The Passion and the Isolation

About Sarah Blake LaRose

Sarah Blake LaRose teaches Biblical Hebrew and Greek at Anderson University School of Theology and Christian Ministry in Anderson, Indiana. She is one of three blind academic scholars who received the Jacob Bolotin Award from the National Federation of the Blind in 2016 in recognition of innovative work in the field of access to biblical language texts and tools for people who are blind. In addition to her work as a professor, she provides braille transcription services specializing in ancient languages. Her research interests concern the intersection of disability, poverty, and biblical studies.

The following is excerpted from a journal entry I wrote several years ago. I post it as a thought-starter.

The Passion. It was expected to bring in millions of dollars in ticket sales. It was the most talked about movie in early 2004. At church on that Wednesday evening, everyone was excited because the singles pastor was planning to show a snippet from the movie.
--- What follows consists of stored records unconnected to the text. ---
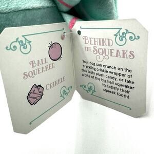 This Barkbox toy is the perfect addition to your dog's toy collection. With its soft and fuzzy exterior, it will become your dog's new favorite cuddle buddy. The toy is equipped with multiple features such as a squeaker, crinkle sound, and ball squeak, making it perfect for fetch and playtime. The sturdy material ensures that it can withstand even the toughest play sessions. The vintage design and new with tag feature make it a collectible item. Suitable for dogs of all sizes, this stuffed toy will provide endless entertainment for your furry friend.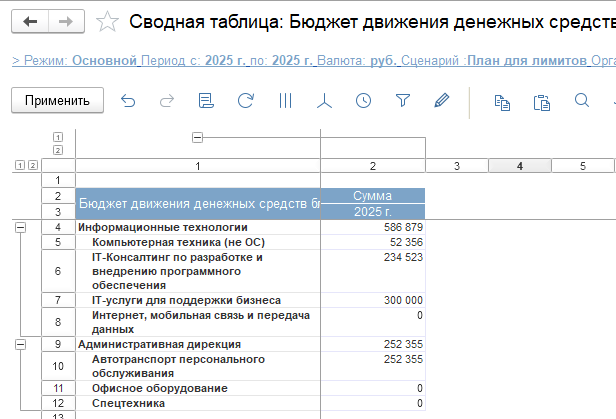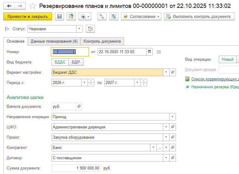 Лимитирование доступно в пространстве трех бюджетов: БДР, БДДС, бюджета движения ресурсов с использованием следующих объектов аналитического учета:
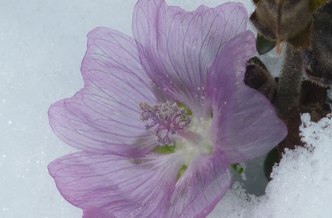 Die lila Liebesperlen werden langsam faulig und matschig... aber noch... noch sehen sie ganz lustig aus im weißen Schnee.
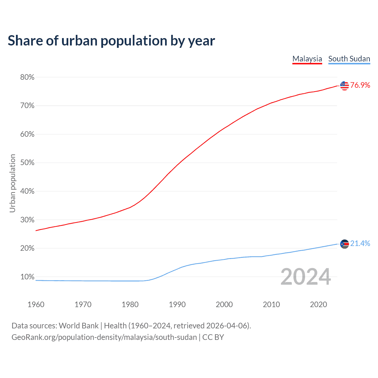 From 2004 to 2024, the share of urban population changed from 66.1% to 76.9% in Malaysia and from 16.8% to 21.4% in South Sudan.
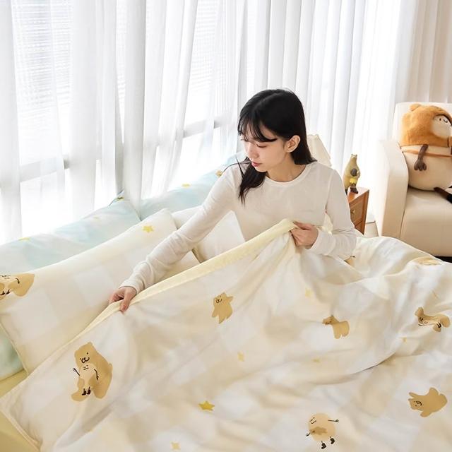 《伯尼寢具 咻咻熊聯名》晚安小熊泥-奶油黃 床包兩用被組 天絲60支 tencel 床包 膠原蛋白 100%萊賽爾纖維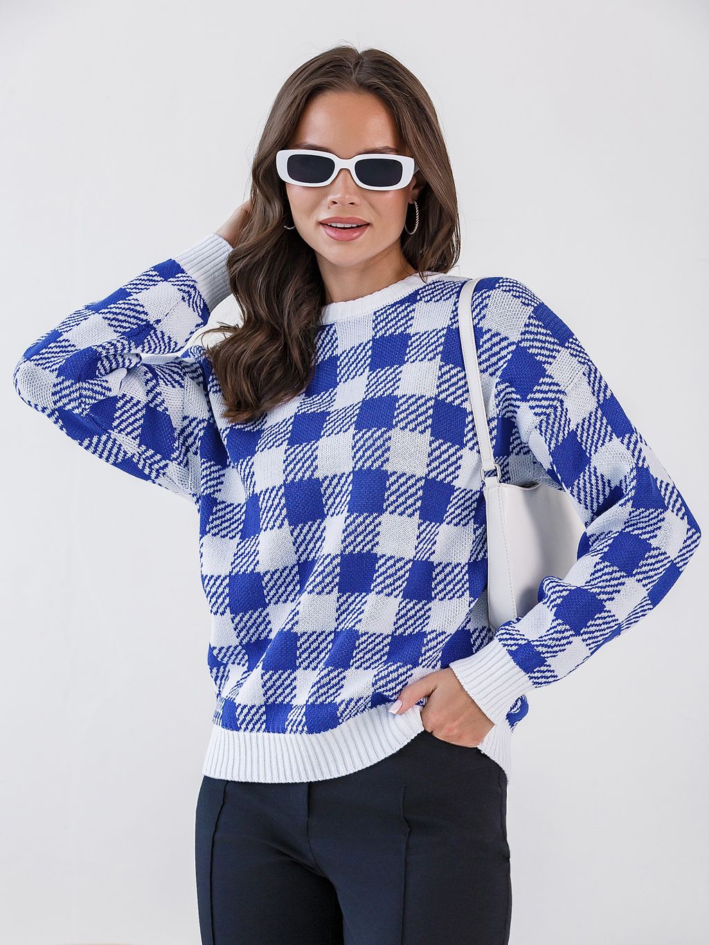 Джемпер вязаный в клетку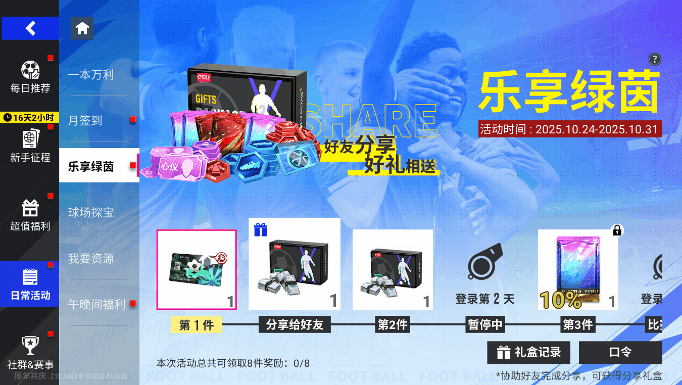 10月24日11时-10月31日11时期间,玩家签到分享领好礼、分享也可获得「分享礼盒」奖励!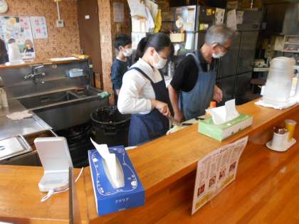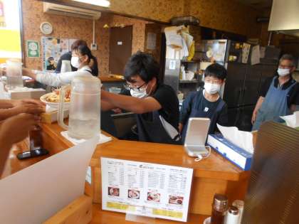 午前中は、玉ねぎの皮むきなどカレーの下ごしらえ、店内の掃除をおこないました。接客時は「いらっしゃいませ」とお客様に声掛けしカレーを提供し、お客様が帰られた後の台を丁寧にふいていました。昨日、遅れてしまった子がいたようなのですが、その分、今日は挽回しようと、早めに来て一生懸命そうじをしてくれたと事業所の方が話してくださいました。失敗しても次に活かそうとか挽回しようとする姿が見ることができて嬉しかったです。

I joined the excitement–after all, blind people watch TV and movies, too.

My excitement was short-lived. The Passion is, as I would learn much later, a fantastic movie. Unfortunately, I would have to wait for a special version to come out, one that included a special narrated script overlaid describing the visual aspects of the movie. I can follow most movies with minimal assistance, forming conclusions about what is going on by listening to the dialogue. The Passion, however, has very little dialogue. The little it has is all in Aramaic–and there is not much of it.

As I sat through that evening activity at a church where I had been struggling to make friends for six months, I felt isolated in the crowd. The movie was not the only problem. Before activities began that evening, I sat at a table writing some notes in braille regarding reflections I was having about our current study. A person came up to me, leaned over my page (obviously staring), and asked, “Is that how you take notes? What’s your dog’s name?” While the movie snippet was playing, no one thought to describe what was happening. After the evening’s events were over, no one conversed with me. When the person who was transporting me was ready to leave, she retrieved me with very little conversation. We rode home in silence; and I returned to my usual routine at home. No one called during the week to ask whether I might like to have coffee.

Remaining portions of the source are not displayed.